• _Exercise aim_
With no images included, output each entry below exactly as it appears.
[[ Entries supplied, beginning ]]
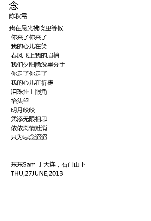 | dōng dōng Sam yú dà lián, shí mén shān xià | |
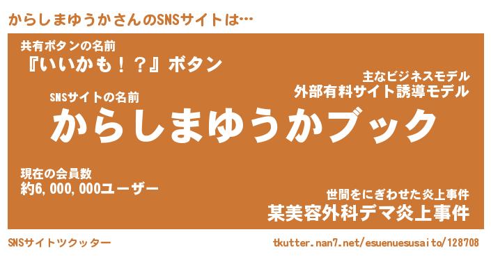 | 胡散臭い通販商品みたいなあだ名 | 『億万長者になれるブレスレット…その名も「からしまゆうか」』 |
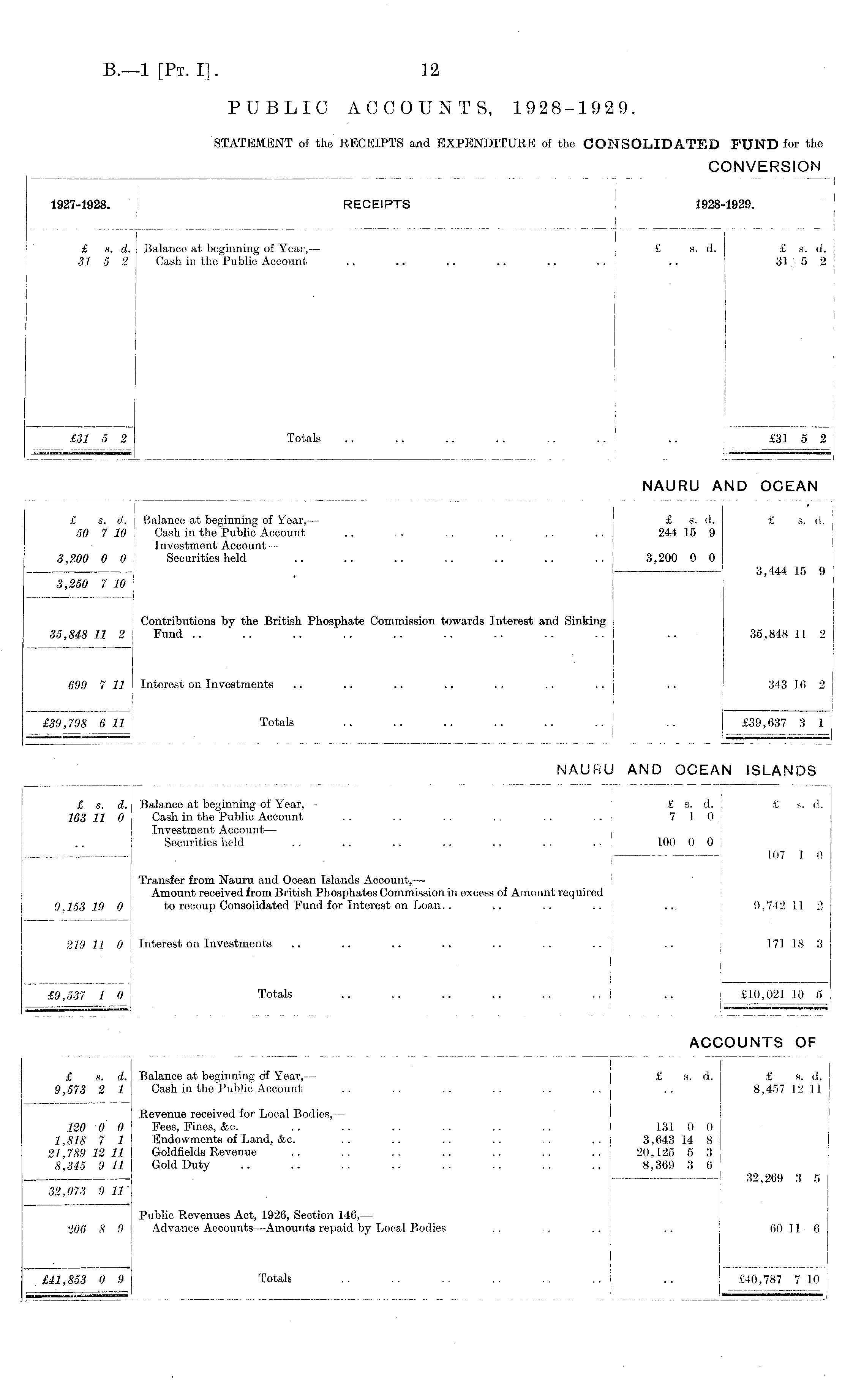 CONVERSION 1927-1928. RECEIPTS 1928-1929. £ a. d. Balance at beginning of Year, — £ s. d. £ s. d. 31 5 2 Cash in the Public Account .. .. .. .. .. .. .. 315 2 I I i ■ £31 5 2 Totals .. .. .. .. .. .. .. £31 5 2 NAURU AND OCEAN ' £ s. d. | Balance at beginning of Year, — £ s. d. £ s. d. 50 7 10 Cash in the Public Account .. . . .. .. .. .. 244 15 9 I Investment Account - 3,200 0 0 Securities held .. .. .. .. .. .. .. 3,200 0 0 — 1 3,444 15 9 3,250 7 10 Contributions by the British Phosphate Commission towards Interest and Sinking 35,848 11 2 Fund .. .. .. .. .. .. .. .. .. .. 35,848 11 2 699 7 11 Interest on Investments .. .. .. .. .. , . .. .. 343 16 2 f | £39,798 6 11 Totals .. .. .. .. .. .. .. £39,637 3 1 NAURU AND OCEAN ISLANDS £ s. d. Balance at beginning of Year, — £ s. d. £ s. d. 163 11 0 Cash in the Public Account .. .. .. 710 Investment Account— Securities held .. .. .. .. . . . . . 100 0 0 ; _ | 107 I 0 Transfer from Nauru and Ocean Islands Account, — Amount received from British Phosphates Commission in excess of Amount required 9,153 19 0 to recoup Consolidated Fund for Interest on Loan.. .. .. .. ... 9,742 11 2 219 11 0 Interest on Investments .. .. .. .. .. .. .. .. 171 18 3 £9,537 1 0 Totals .. .. .. .. .. .. .. i £10,021. 10 5 ~ I ACCOUNTS OF £ s. d. Balance at beginning of Year, — £ s. d. £ s. d. 9,573 2 1 Cash in the Public Account .. .. .. .. .. .. .. 8,457 12 11 Revenue received for Local Bodies, — 120 0 0 Fees, Fines, &e. .. .. .. .. .. .. 131 0 0 1,818 7 1 Endowments of Land, &c. .. .. .. .. .. .. 3,643 14 8 21,789 12 11 Goldfields Revenue .. .. .. .. .. .. .. 20,125 5 3 8,345 9 11 Gold Duty .. .. .. .. .. .. .. .. 8,369 3 6 32,269 3 5 32,073 9 11' Public Revenues Act, 1926, Section 146, — 206 8 9 Advance Accounts—Amounts repaid by Local Bodies . . .. .. 60 11 6 £41,853 0 9 Totals .. .. .. .. .. £40,787 7 10
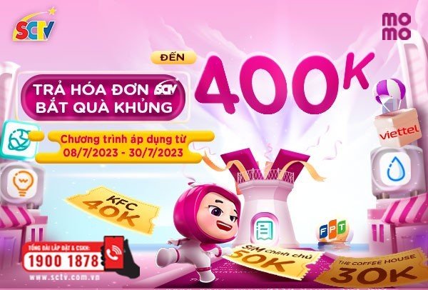 Thanh toán hóa đơn Internet, Truyền Hình cáp SCTV, Điện, Nước, Di động trả sau, Học phí, Chung cư, Môi trường bất kỳ từ 30.000 đồng, bạn sẽ được nhận gói quà đa năng trị giá 395.000 đồng.
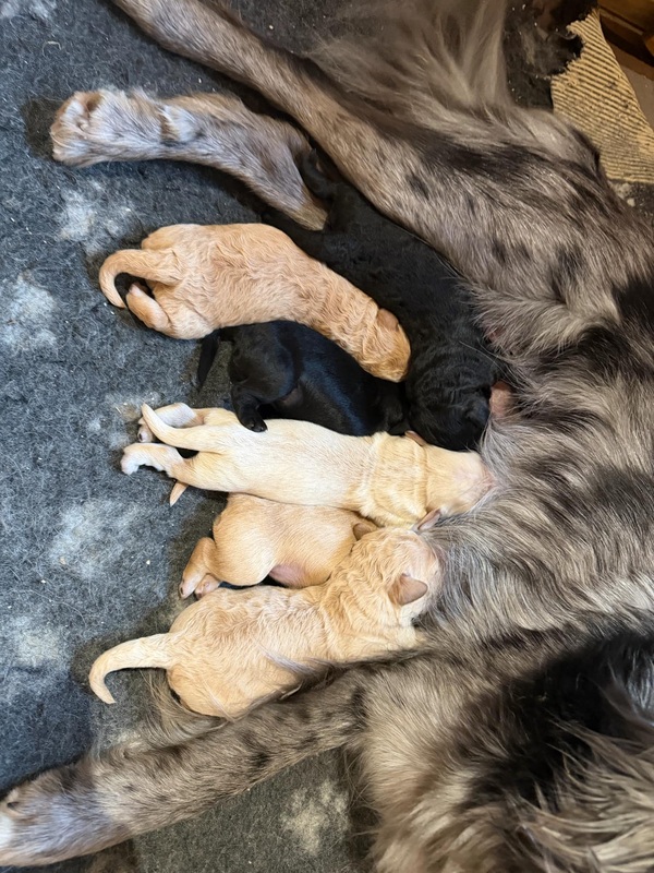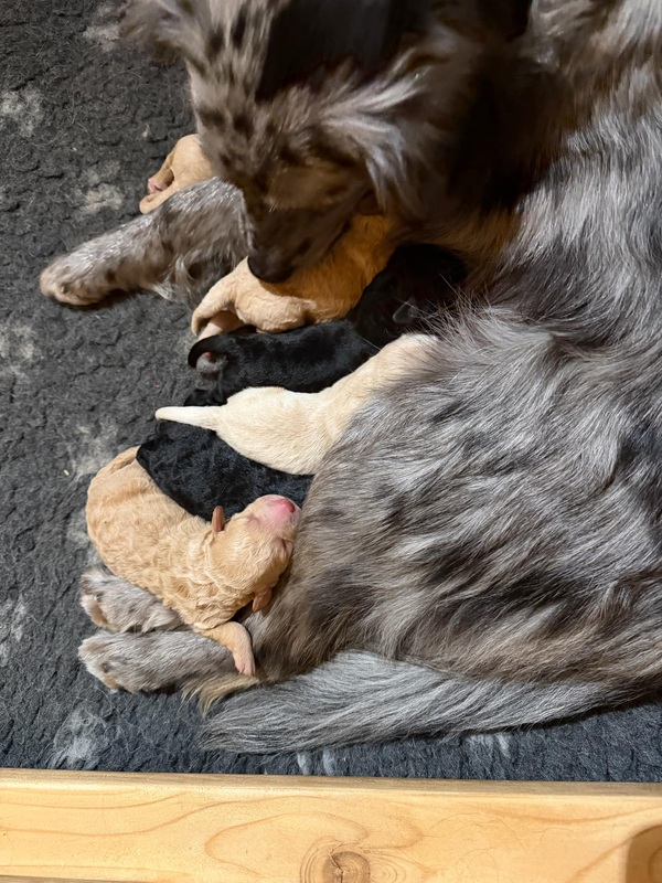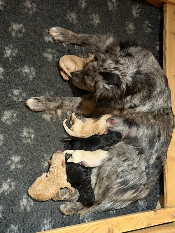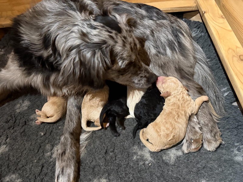 Unsere wunderbare Lia hat am 31.1.26 nach 63 Tagen Tragezeit 6 Welpen bekommen! Der stolze Papa ist Filou.
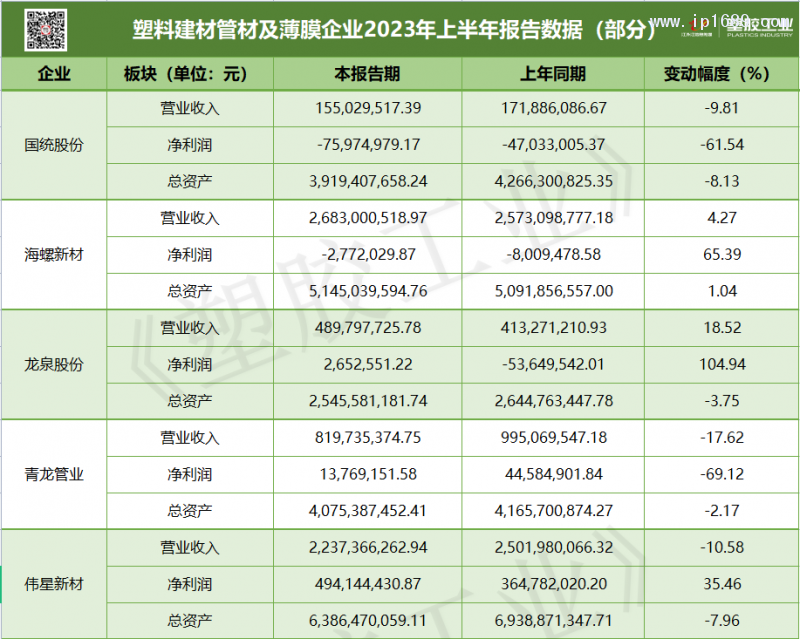 近日,塑料行業各企業2023上半年財報陸續出爐。總體上看,多家企業收入出現了負增長,據國家統計局數據,1-6月份,全國匯總統計企業塑料制品產量3536.26萬噸,同比下降0.71%。
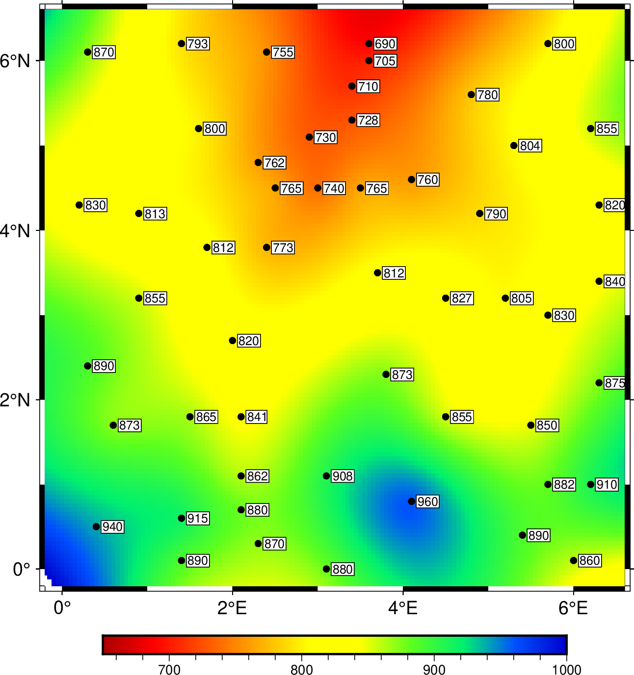 tmp.grd: v_min: 678.153747559 v_max: 1008.02862549 name: z
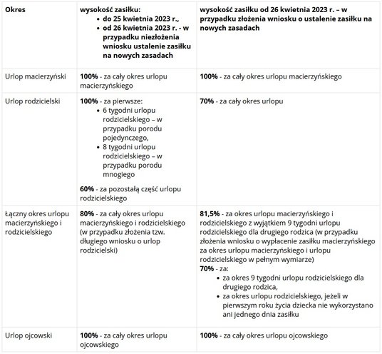 Wraz z wprowadzeniem nowych przepisów zasiłek macierzyński wzrośnie z 80 do 81,5 proc. podstawy wymiaru. Matka może otrzymać ten zasiłek w takiej samej wysokości przez cały okres jego pobierania. Ale musi się pospieszyć. Jeśli nie złoży wniosku o nowy, dłuższy zasiłek macierzyński do 21 dni po porodzie albo przyjęciu dziecka na wychowanie, świadczenie będzie wynosił 100 proc. podstawy wymiaru za okres urlopu macierzyńskiego i 70 proc. podstawy za okres urlopu rodzicielskiego.
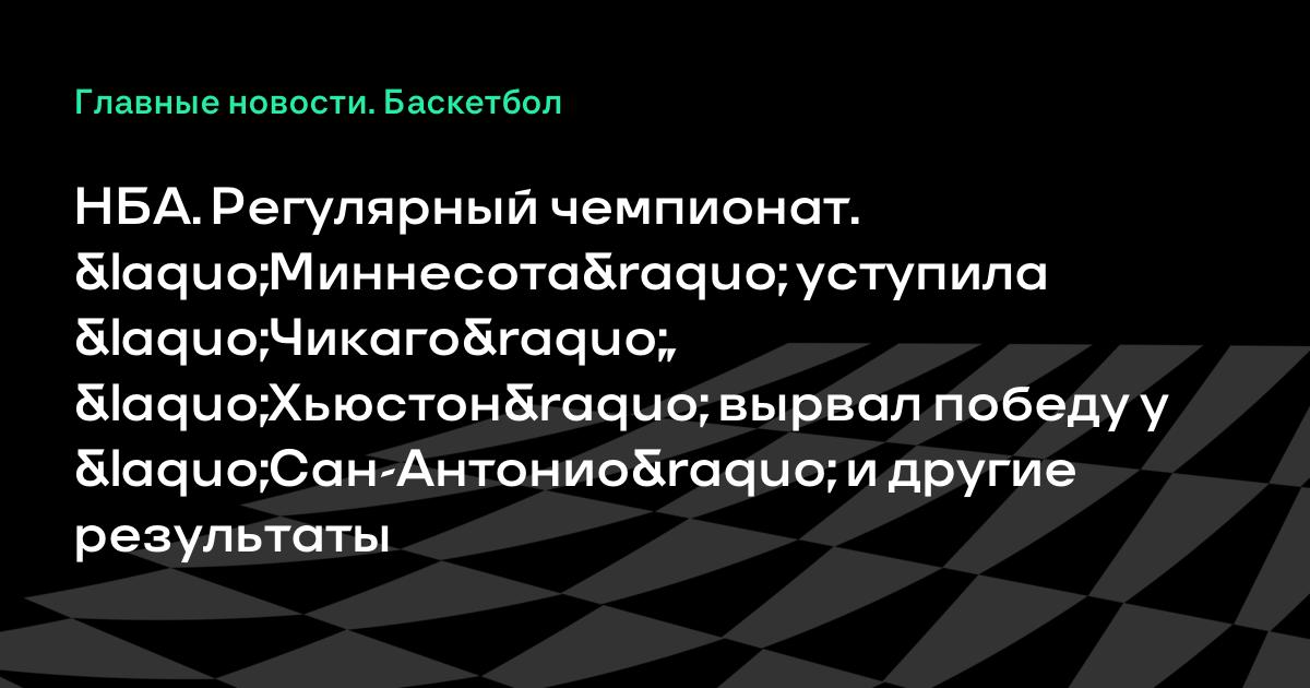 НБА. Регулярный чемпионат. «Миннесота» уступила «Чикаго», «Хьюстон» вырвал победу у «Сан-Антонио» и другие результаты
[[ Entries supplied, end ]]
• _Your solution_
 | dōng dōng Sam yú dà lián, shí mén shān xià | |
 | 胡散臭い通販商品みたいなあだ名 | 『億万長者になれるブレスレット…その名も「からしまゆうか」』 |
 CONVERSION 1927-1928. RECEIPTS 1928-1929. £ a. d. Balance at beginning of Year, — £ s. d. £ s. d. 31 5 2 Cash in the Public Account .. .. .. .. .. .. .. 315 2 I I i ■ £31 5 2 Totals .. .. .. .. .. .. .. £31 5 2 NAURU AND OCEAN ' £ s. d. | Balance at beginning of Year, — £ s. d. £ s. d. 50 7 10 Cash in the Public Account .. . . .. .. .. .. 244 15 9 I Investment Account - 3,200 0 0 Securities held .. .. .. .. .. .. .. 3,200 0 0 — 1 3,444 15 9 3,250 7 10 Contributions by the British Phosphate Commission towards Interest and Sinking 35,848 11 2 Fund .. .. .. .. .. .. .. .. .. .. 35,848 11 2 699 7 11 Interest on Investments .. .. .. .. .. , . .. .. 343 16 2 f | £39,798 6 11 Totals .. .. .. .. .. .. .. £39,637 3 1 NAURU AND OCEAN ISLANDS £ s. d. Balance at beginning of Year, — £ s. d. £ s. d. 163 11 0 Cash in the Public Account .. .. .. 710 Investment Account— Securities held .. .. .. .. . . . . . 100 0 0 ; _ | 107 I 0 Transfer from Nauru and Ocean Islands Account, — Amount received from British Phosphates Commission in excess of Amount required 9,153 19 0 to recoup Consolidated Fund for Interest on Loan.. .. .. .. ... 9,742 11 2 219 11 0 Interest on Investments .. .. .. .. .. .. .. .. 171 18 3 £9,537 1 0 Totals .. .. .. .. .. .. .. i £10,021. 10 5 ~ I ACCOUNTS OF £ s. d. Balance at beginning of Year, — £ s. d. £ s. d. 9,573 2 1 Cash in the Public Account .. .. .. .. .. .. .. 8,457 12 11 Revenue received for Local Bodies, — 120 0 0 Fees, Fines, &e. .. .. .. .. .. .. 131 0 0 1,818 7 1 Endowments of Land, &c. .. .. .. .. .. .. 3,643 14 8 21,789 12 11 Goldfields Revenue .. .. .. .. .. .. .. 20,125 5 3 8,345 9 11 Gold Duty .. .. .. .. .. .. .. .. 8,369 3 6 32,269 3 5 32,073 9 11' Public Revenues Act, 1926, Section 146, — 206 8 9 Advance Accounts—Amounts repaid by Local Bodies . . .. .. 60 11 6 £41,853 0 9 Totals .. .. .. .. .. £40,787 7 10
 Thanh toán hóa đơn Internet, Truyền Hình cáp SCTV, Điện, Nước, Di động trả sau, Học phí, Chung cư, Môi trường bất kỳ từ 30.000 đồng, bạn sẽ được nhận gói quà đa năng trị giá 395.000 đồng.
 Unsere wunderbare Lia hat am 31.1.26 nach 63 Tagen Tragezeit 6 Welpen bekommen! Der stolze Papa ist Filou.
 近日,塑料行業各企業2023上半年財報陸續出爐。總體上看,多家企業收入出現了負增長,據國家統計局數據,1-6月份,全國匯總統計企業塑料制品產量3536.26萬噸,同比下降0.71%。
 tmp.grd: v_min: 678.153747559 v_max: 1008.02862549 name: z
 Wraz z wprowadzeniem nowych przepisów zasiłek macierzyński wzrośnie z 80 do 81,5 proc. podstawy wymiaru. Matka może otrzymać ten zasiłek w takiej samej wysokości przez cały okres jego pobierania. Ale musi się pospieszyć. Jeśli nie złoży wniosku o nowy, dłuższy zasiłek macierzyński do 21 dni po porodzie albo przyjęciu dziecka na wychowanie, świadczenie będzie wynosił 100 proc. podstawy wymiaru za okres urlopu macierzyńskiego i 70 proc. podstawy za okres urlopu rodzicielskiego.
 НБА. Регулярный чемпионат. «Миннесота» уступила «Чикаго», «Хьюстон» вырвал победу у «Сан-Антонио» и другие результаты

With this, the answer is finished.